Suazo recalls the "lack of cleanliness" in that dungeon as "terrible". He says it's so hot inside it feels "like you're in hell". The maximum security cells in Gallery 300 have no ventilation, and it's even worse in the "The Hellhole" pavilion, a set of 26 cells for prisoners being punished or sent to isolation. The cells are barely 8½ feet long by 6½ feet wide. In there, "the awful heat provokes greater anxiety, desperation, the desire to run away," he describes.


It is in one of these cells in "The Hellhole" where the bishop of the Diocese of Matagalpa, Monsignor Rolando Álvarez, is being held. It is an unhealthy, gloomy place, the complete opposite of the furnished room, with white curtains and small palm trees, where the priest was photographed by the Ortega dictatorship on March 25.

Álvarez was taken to "The Hellhole" on February 9, 2023, after refusing to accept the banishment order imposed by the Ortega regime that sent 222 political prisoners to the United States. The following day, Judge Nadia Tardencilla Rodríguez of the Second District Trial Court in Managua  sentenced Álvarez to 26 years and four months in prison in a process characterized by experts as a "criminal action".

Gallery 300 at La Modelo

Those who have been imprisoned in Gallery 300 explain that it consists of approximately 150 cells distributed in three modules. Module 3-1 is a single-story building known as "The Hellhole", and is for solitary confinement. The cells there are designed for two people, but normally there is only one inmate, often in shackles on his hands and feet. Modules 3-2 and 3-3 are two-story buildings, also maximum security cells, but not solitary confinement. 

In these maximum security cells –inaugurated by the regime in 2015-- the spaces are small. The only door is made of heavy metal, the beds slabs of concrete. The cells are dark, unsanitary, without ventilation or sufficient natural light, and the people there are exposed to humidity, cold, or heat "of up to 45° Celsius [113°F]," according to the report of the UN Group of Experts on Human Rights in Nicaragua (GHREN) presented in March of this year.

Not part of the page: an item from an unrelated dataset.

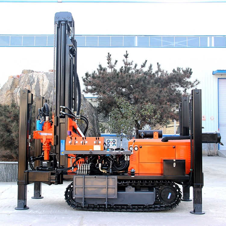 1.The DM series water well drilling rig is a light, efficient, and versatile drilling equipment. It is mainly used for drilling water wells, agricultural wells, geothermal air conditioning holes, and other types of boreholes, especially suitable for water engineering in mountainous areas and rock strata. Travel device: The travel motor equipped with a reduction box, durable and long-lasting; Hydraulic oil pump; the parallel transmission design separates the oil pump unit, ensuring sufficient power supply and distribution, the hydraulic system is uniquely designed, and maintenance is simple and inexpensive; Power head device; the transmission case is cast as one piece, and the double motor provides power with large torque, durable, and low maintenance cost; Drilling rig chassis; professional excavator chassis, durable, large load-bearing capacity, wide chain plate, and little to hard road surfaces; Lifting force; a composite boom is used in the design, the boom volume is small, the stroke is long, and the double cylinder lifts, a large lifting tonnage; Each drilling rig lifting boom is equipped with a limit switch to protect the cylinder safety and ensure work safety; Each hydraulic hose is wrapped with protective sheath to extend the life of the hose.

The only source of air is a small window in the door approximately ten inches high by five inches wide, sealed by a metal mesh; and another 6 inches by 6 inches through which food is passed to the inmates. 

"In 80% of the cells in [Gallery] 300, the prisoner takes care of his physiological needs in a hole, like where a toilet might be installed," Suazo says. But in "The Hellhole," an area of total isolation, "it seems like it was the first building dbuilt. The cells there have metal sinks and toilets, "like the toilets in prisons in the United States", but they are "in complete disrepair," he says.

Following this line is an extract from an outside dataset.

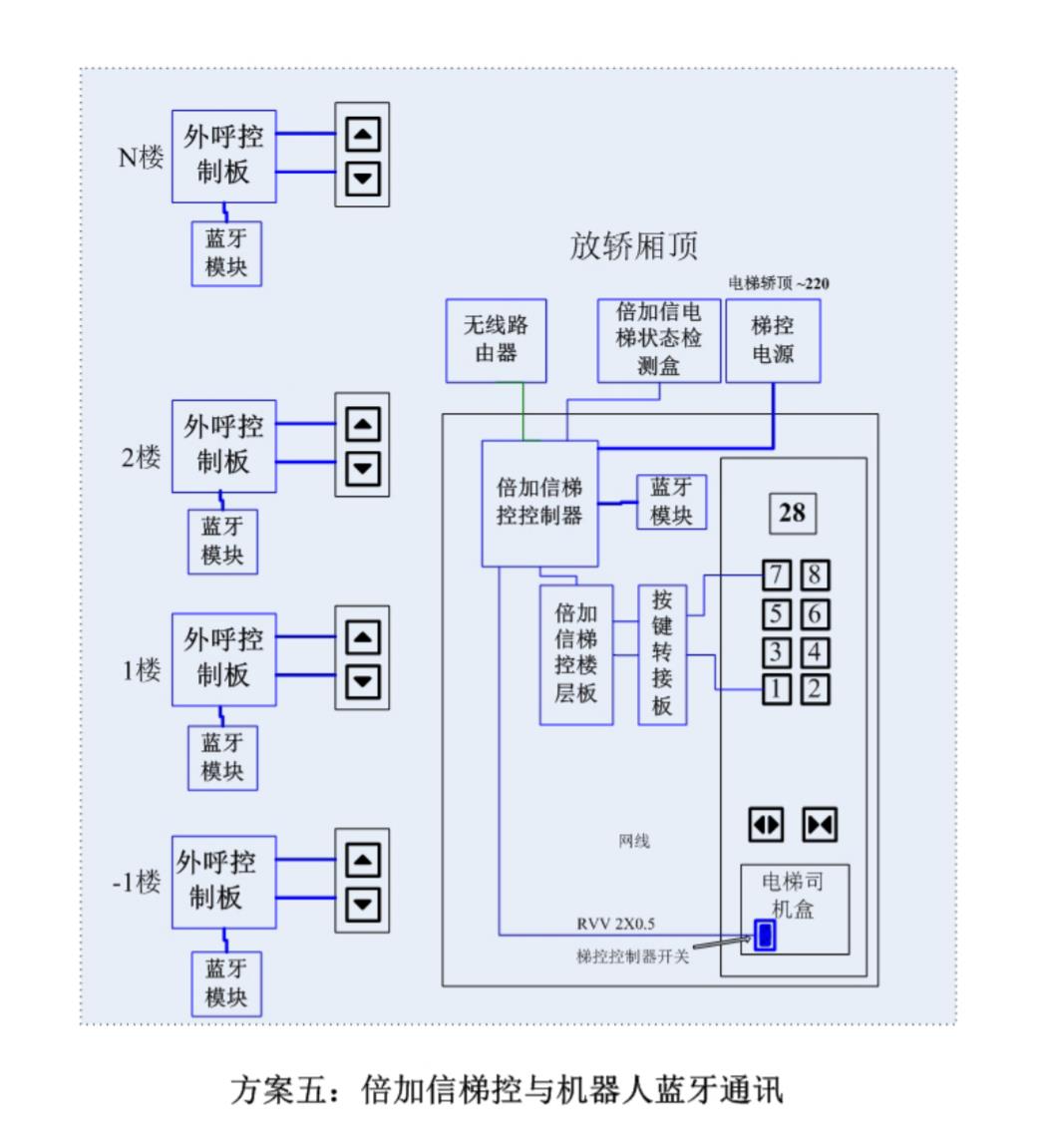 (1)機器人在電梯外,通個藍牙連接發(fā)送指令倍加信梯控系統(tǒng),系統(tǒng)自動點亮上樓或下樓按鍵,實現(xiàn)呼梯功能。

Suazo recalls that in Cell 19 of "The Hellhole" –where he was held the second time he was imprisoned-- the sink and toilet drains were not working. "I [had] to relieve myself in the hole where the toilet drains, because I wasn't allowed to have a bucket or container to pour water down to drain the feces," he said. 

Another ex-prisoner interviewed by GHREN about his experience in prison described: "In 'The Hellhole' my skin got contaminated, it rotted. I got fungus, my skin erupted. I felt deep pain and burning. My mother tried to bring a whole pharmacy [of medications] because I also had lung problems. There was no light, no air, it's very hard for air to circulate or recycle there."

Surviving without water in "The Hellhole"

In these conditions it is impossible to stay hydrated because water service is only enabled twice a day, at 5:00 a.m. and at 12:00 p.m, for twenty minutes. "That's the time you can bathe and take care of your physiological needs because afterwards there are no conditions to wash or clean anything that gets dirty," explains Suazo.

Another political prisoner who was held in "The Hellhole", where Monsignor Álvarez is being held, was student leader Kevin Solís, who like Suazo was captured on two occasions, first in 2018 and then in 2020.

The first thing Solís remembers is the darkness in Cell 13. There is no light bulb in the cell. No sunlight comes through the little window in the door, which faces a concrete wall that completely blocks the natural light. "There is no light and the heat is sweltering," he says. 

Solís spent most of the time in his boxer shorts because the "oppressive heat" of the cell made it "impossible to be in the blue prison uniform" and the guards "only allow you to have one bottle of water". This situation kept him weak and completely dehydrated.

Even in these deplorable conditions, the prisoners are monitored 24 hours a day through a camera system which was allegedly installed in 2020, after most of the political prisoners were released under the regime's self-amnesty. 

The camera is installed "from above" the cell, just "on top of a little wall" that separates the bathroom from the rest of the cement room. "There you are all alone. You, the camera and your soul," Solís says.

Solís also recalls the cockroaches, mosquitoes and other insects in the cell, as well as the foul smells coming out of the metal toilet, which "is dirty most of the day" due to the lack of water. "I honestly don't know how I put up with all that," he reflects.

Bishop Rolando Álvarez during a visit by his brothers in the Jorge Navarro National Penitentiary System, in Tipitapa // Foto: SPN

Cruel, inhuman and degrading treatment

This past May 21, it had been 100 days since Monsignor Álvarez had been taken to the cells of "The Hellhole". During this time the regime has released photos of him on only one occasion, when it released images of a family visit showing the bishop in prison uniform, visibly thin, pale and gray-haired.

In the GHREN report, Nils Melzer, the Special Rapporteur on torture and other cruel, inhumane or degrading treatment or punishment, explained that solitary confinement reduces meaningful social contacts to an absolute minimum and that the resulting level of social stimulation is not sufficient for the person to retain a reasonable state of mental health. 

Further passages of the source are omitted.